Let $G$ and $H$ be groups.

Let $\map Z G$ denote the center of $G$.

Let $Z$ and $W$ be central subgroups of $G$ and $H$ respectively.


Let:

$Z \cong W$

where $\cong$ denotes isomorphism.

Let such a group isomorphism be $\theta: Z \to W$.

Let $X$ be the set defined as:

$X = \set {\tuple {x, \map \theta x^{-1} }: x \in Z}$


Then $X$ is a central subgroup of $G \times H$.


Proof

First note that by Group Homomorphism Preserves Inverses:

$\forall x \in G: \map \phi {x^{-1} } = \paren {\map \phi x}^{-1} = \map \phi x^{-1}$

and so there is no amphiboly in the notation used.
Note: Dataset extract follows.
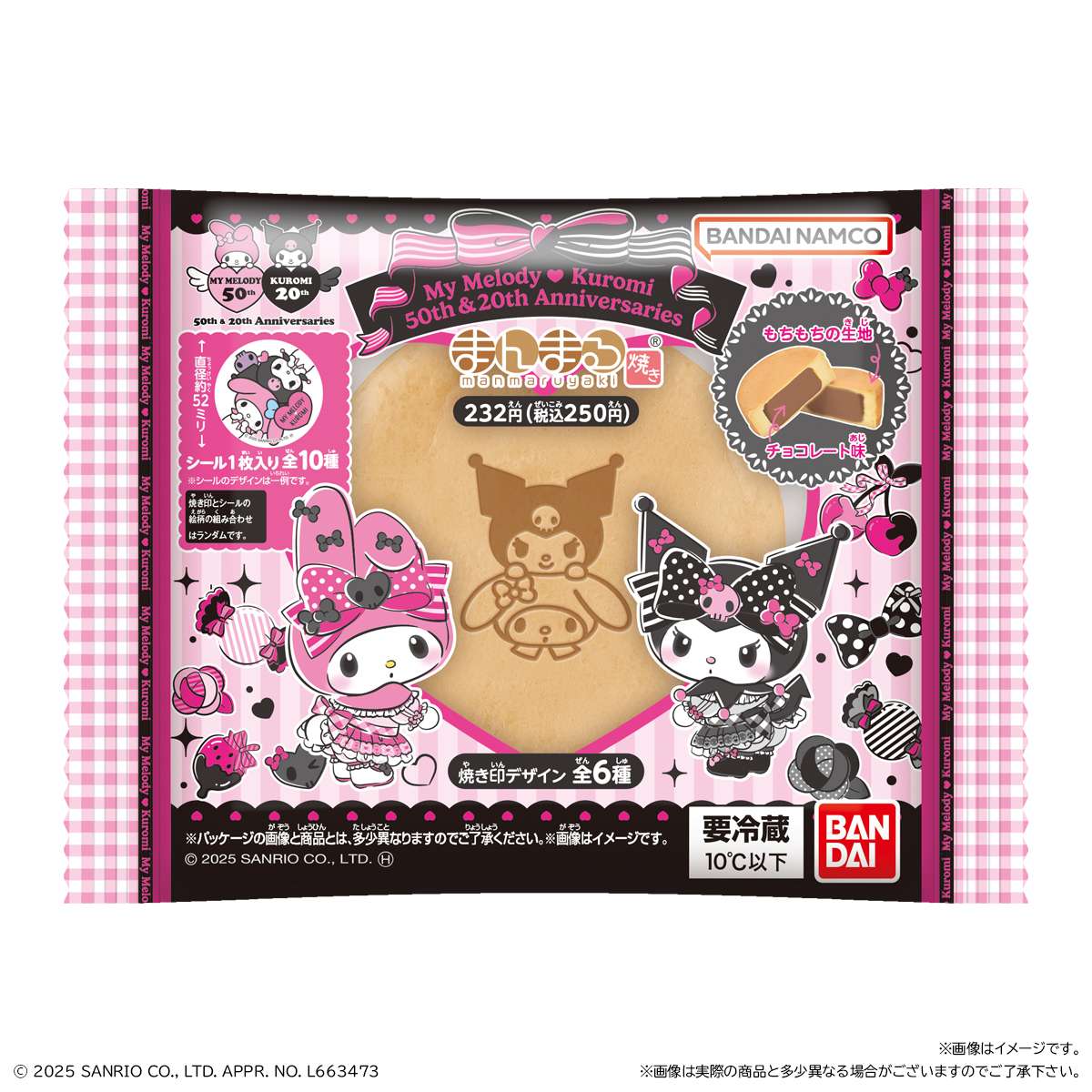 マイメロディ&クロミ まんまる焼き お気に入り お気に入り登録とは? 価格 232円(税込:250円) ※この商品は軽減税率8%対象商品です。 発売日 2025年10月25日 発売 売場 全国のセブン-イレブン(一部店舗を除く)のチルドスイーツコーナー 対象年齢 3才以上 商品アンケート それぞれ50周年と20周年を迎えるマイメロディ&クロミのまんまる焼きが登場! まんまる生地の今川焼きに焼き印(全6種)が押されており、中にはチョコレート味のクリームが入っているスイーツです。 付属のシールは全10種の中からランダムで1枚が入っています。 セブン-イレブン限定発売です。 ●和生菓子1個(焼き印全6種) ●シール1枚入り(全10種) (C) 2025 SANRIO CO., LTD. APPR. NO. L663473 ※画像には複数ラインナップを組み合わせて撮影したものも含まれます。 ※価格はメーカー希望小売価格表示です。 ※店頭での商品のお取り扱い開始日は、店舗によって異なる場合がございます。 ※画像は実際の商品とは多少異なる場合がございます。 ※掲載情報はページ公開時点のものです。予告なく変更になる場合がございます。 ※開封後は消費期限にかかわらず、お早めに召し上がってください。 ※生地の黒い斑点は焦げです。品質に問題はございません。 ※クリームが生地の表面についていることがありますが、品質に問題はございません。 ※召し上がり方 冷蔵庫で冷やして、そのまま召し上がってください。

It is established that $\tuple {x, \map \theta x^{-1} } \in G \times H$:

$x \in G$
$\map \theta x \in H$ and so $\map \theta x^{-1} \in H$.

Let:

$e_G$ be the identity element of $G$
$e_H$ be the identity element of $H$


We have that $e_G \in Z$, and so:

\(\displaystyle \tuple {e_G, \map \theta {e_G}^{-1} }\) \(=\) \(\displaystyle \tuple {e_G, \map \theta {e_G} }\) as $e_G^{-1} = e_G$
\(\displaystyle \) \(=\) \(\displaystyle \tuple {e_G, e_H}\) Group Homomorphism Preserves Identity

Thus $\tuple {e_G, e_H} \in X$ and so $X \ne \O$.


Then we note that:

\(\displaystyle \tuple {x, \map \theta x^{-1} } \tuple {x^{-1}, \map \theta x}\) \(=\) \(\displaystyle \tuple {x x^{-1}, \map \theta x^{-1} \map \theta x}\) Definition of Group Direct Product
\(\displaystyle \) \(=\) \(\displaystyle \tuple {e_G, e_H}\) as $\theta$ is a group isomorphism
\(\displaystyle \) \(=\) \(\displaystyle \tuple {x^{-1} x, \map \theta x \map \theta x^{-1} }\) as $\theta$ is a group isomorphism
\(\displaystyle \) \(=\) \(\displaystyle \tuple {x^{-1}, \map \theta x} \tuple {x, \map \theta x^{-1} }\) Definition of Group Direct Product

and so $\tuple {x^{-1}, \map \theta x}$ is the inverse of $\tuple {x, \map \theta x^{-1} }$ in $H$.


Let $x, y \in G$.

Then $x^{-1} \in G$ from Group Axiom $G \, 0$: Closure.


Hence if:

$\tuple {x, \map \theta x^{-1} } \in X$

it follows that:

$\tuple {x^{-1}, \map \theta x} \in X$

Let $x, y^{-1} \in G$.

Then:

$\tuple {x, \map \theta x^{-1} } \in X$

and:

$\tuple {y^{-1}, \map \theta y} \in X$


Thus:

\(\displaystyle \tuple {x, \map \theta x^{-1} } \tuple {y^{-1}, \map \theta y}\) \(=\) \(\displaystyle \tuple {x y^{-1}, \map \theta x^{-1} \map \theta y}\) Definition of Group Direct Product
\(\displaystyle \) \(=\) \(\displaystyle \tuple {x y^{-1}, \map \theta {x^{-1} y} }\) as $\theta$ is a group isomorphism
\(\displaystyle \) \(=\) \(\displaystyle \tuple {x y^{-1}, \map \theta {\paren {y^{-1} x}^{-1} } }\) Inverse of Group Product
\(\displaystyle \) \(=\) \(\displaystyle \tuple {x y^{-1}, \map \theta {\paren {x y^{-1} }^{-1} } }\) $x$ and $y$ are in the center of $G$, so commute
\(\displaystyle \) \(=\) \(\displaystyle \tuple {x y^{-1}, \map \theta {x y^{-1} }^{-1} }\)

So:

$\tuple {x, \map \theta x^{-1} } \tuple {y^{-1}, \map \theta y} \in X$

and it follows from the One-Step Subgroup Test that $X$ is a subgroup of $G \times H$.

$\Box$


We have that $Z$ is a central subgroup of $G$.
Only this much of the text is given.